アニメ「モノノ怪」15周年プロジェクト始動 名場面投票企画も

「モノノ怪」薬売り(C)モノノ怪製作委員会
「モノノ怪」薬売り(C)モノノ怪製作委員会

フジテレビの深夜アニメ枠“ノイタミナ”ほかで放送されたアニメ「モノノ怪」の15周年プロジェクトが始動。イベント「十五周年記念祭」が開催されるほか、記念サイト内で名場面投票企画もスタートした。

テレビシリーズ全12話の思い出を振り返りながらお気に入りのシーンを選択し投票。参加者から抽選で30人に名シーンの場面写真を使用した「15周年限定 名場面日めくり卓上カレンダー」をプレゼントする。8月14日午後11時59分まで募集中。

「モノノ怪」は2007年7月から放送。スタイリッシュなキャラクターデザインにCG処理を組み合わせた斬新な映像で多くのファンを魅了した。前作「怪~ayakashi~」シリーズの1エピソードとして放送された「化猫」から続き、薬売りの男がモノノ怪に立ち向かう冒険譚を描いている。

20年に実施したノイタミナ歴代70作品を対象とした投票企画「あなたが選ぶ思い出の3作品」(05~09年度制作部門)では堂々の第1位に輝いた。放送から15年たった今もなお根強い人気を誇るアニメである。

15年を振り返る中村健治監督と声優の櫻井孝宏(下)
15年を振り返る中村健治監督と声優の櫻井孝宏(下)

初メガホンとなった中村健治監督は「この1本でキャリアが終わってもいいと思って作品と向き合った。

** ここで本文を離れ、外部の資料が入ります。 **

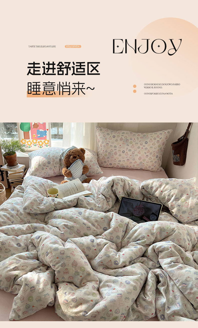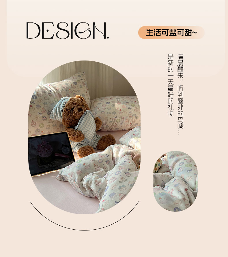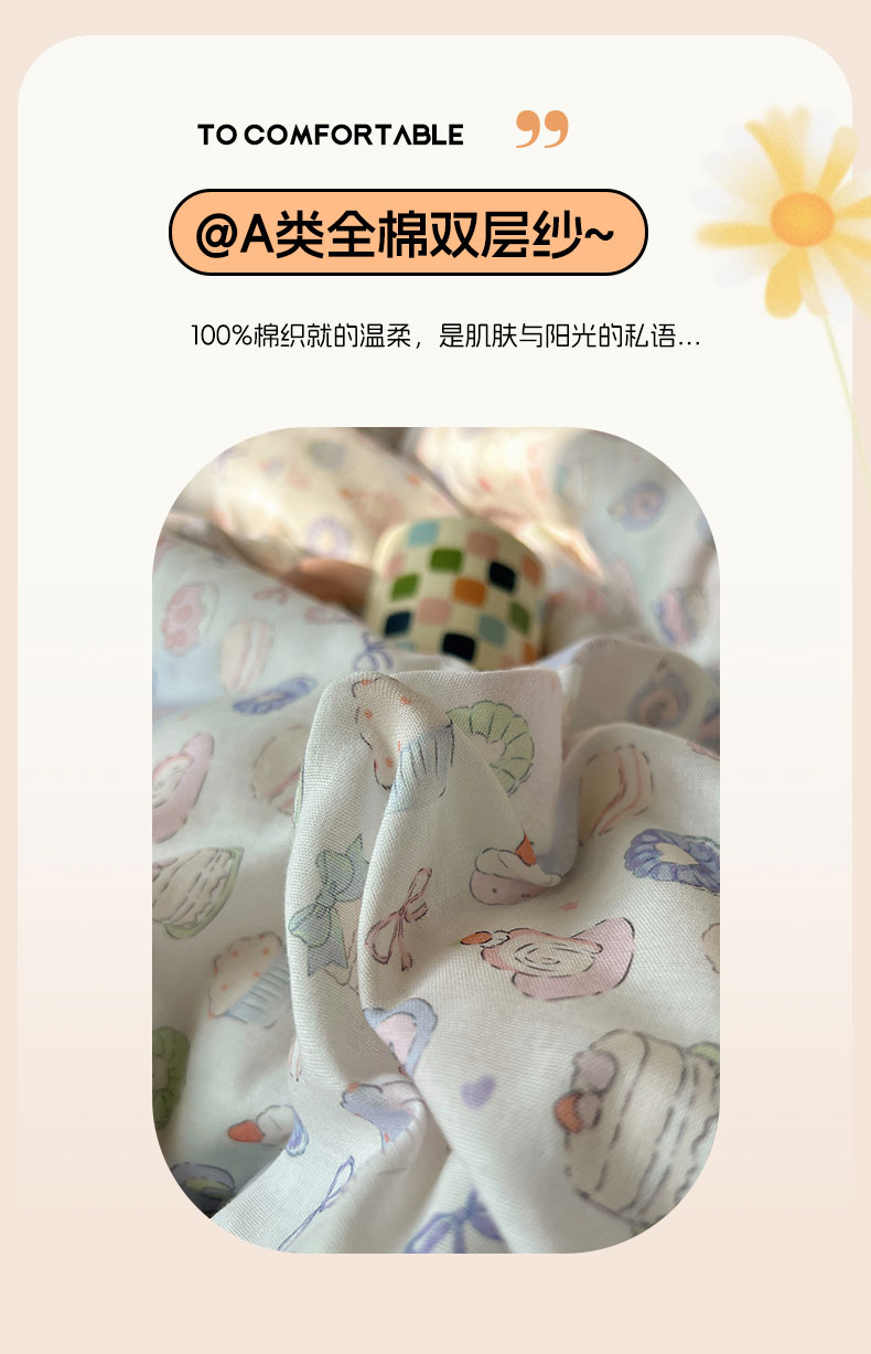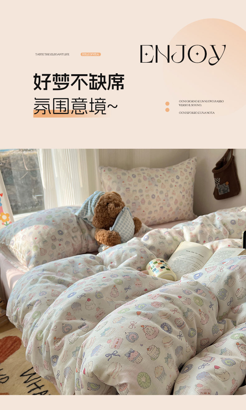 当前位置: 91家纺网 > 商品网购 > 床品套件 > 四件套 > 全棉普通四件套 > 六巷胡同 2026新款INS博主风卡通A类全棉双层纱四件套 双层纱-马卡龙蛋糕
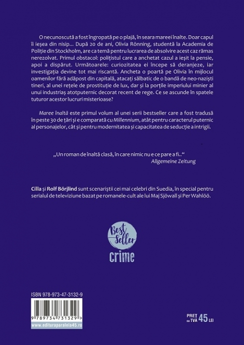 Maree înaltă este primul volum al unei serii bestseller care a fost tradusă în peste 30 de țări și e comparată cu Millenium, atât pentru caracterul puternic al personajelor, cât și pentru modernitatea și capacitatea de seducție a intrigii.
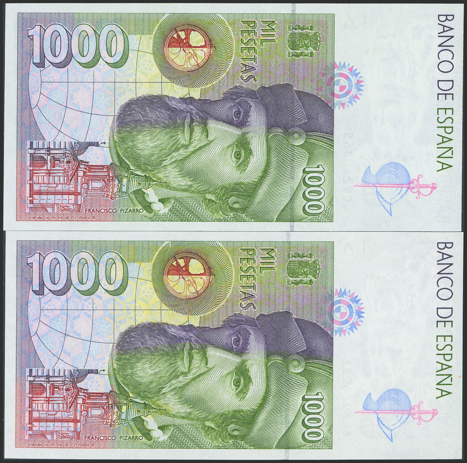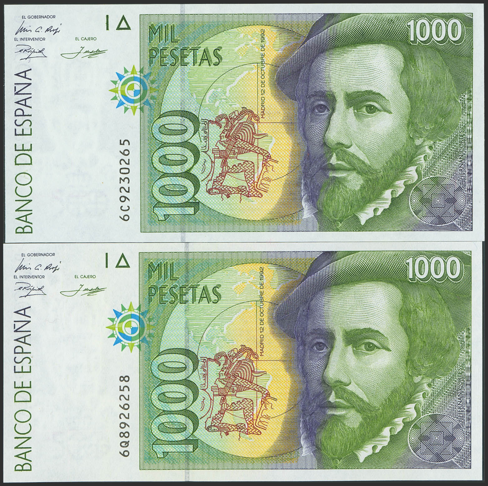 Conjunto de 2 billetes de 1000 Pesetas, emitidos el 12 de Octubre de 1992, con las series 6C y 6Q, (Edifil 2023: 483b). SC.

背景とセル(キャラ)はちゃんと見分けがつくようにと教えられたが、見分けがつかなくて1枚のイラストのようにまとまっているのも逆に有りかな…人物がせりふを話し終えてから次の人物が話すようにするなどのパターンも、現実ではみんな好きなタイミングで会話を始めているからそうしちゃえばいいよね…いろいろな常識を疑って作っていたことを思い出す」と振り返った。

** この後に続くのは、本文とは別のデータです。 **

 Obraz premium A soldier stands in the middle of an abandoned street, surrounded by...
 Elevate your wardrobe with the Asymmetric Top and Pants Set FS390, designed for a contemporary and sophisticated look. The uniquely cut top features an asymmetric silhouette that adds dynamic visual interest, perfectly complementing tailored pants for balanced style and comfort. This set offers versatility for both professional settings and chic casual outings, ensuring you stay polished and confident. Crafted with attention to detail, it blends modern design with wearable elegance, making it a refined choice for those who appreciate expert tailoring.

また、薬売り役の声優、櫻井孝宏は「初回収録の光景をいまだに覚えていて、中村監督から“カット毎に言葉を置いてくれ、もっと関心がなく独り言でいい”などこれまで経験してきたアニメーション収録のセオリーに当てはまらないオーダーに少々戸惑った。そして、それはオンエアを見てやっと得心できた。あの指示はこの世界をデザインするためのものだったのだと強烈な映像体験だった」と語り、プロジェクトの続報を待ち望んでいた。

また、スピンオフ小説「モノノ怪 執」(著者・仁木英之、角川文庫)が6月10日に発売される予定だ。